> **EXERCISE OBJECTIVE**: Repeat everything in the listing exactly, except for the images.

> **SUPPLIED DATA**:
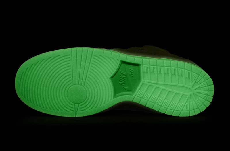 最大的亮点在于鞋身暗藏大面积夜光,水晶橡胶外底、后跟木乃伊眼睛部分以及鞋面刺绣都有夜光效果。
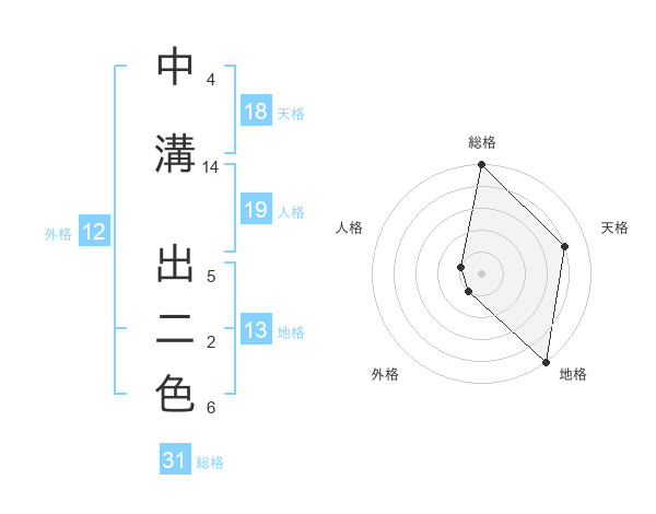 中溝 出二色さんの総格は31画の5点!
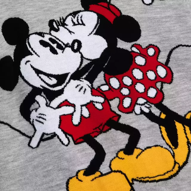 Suéter gris de manga larga con diseño romántico inspirado en Mickey y Minnie Mouse. Presenta una ilustración tejida de los personajes compartiendo un tierno momento, con detalles icónicos como los pantalones rojos de Mickey, el vestido de lunares de Minnie y una margarita. Versátil y atemporal, combina perfecto con jeans o tonos neutros.

> **EXERCISE RESULT**:
 最大的亮点在于鞋身暗藏大面积夜光,水晶橡胶外底、后跟木乃伊眼睛部分以及鞋面刺绣都有夜光效果。
 中溝 出二色さんの総格は31画の5点!
 Suéter gris de manga larga con diseño romántico inspirado en Mickey y Minnie Mouse. Presenta una ilustración tejida de los personajes compartiendo un tierno momento, con detalles icónicos como los pantalones rojos de Mickey, el vestido de lunares de Minnie y una margarita. Versátil y atemporal, combina perfecto con jeans o tonos neutros.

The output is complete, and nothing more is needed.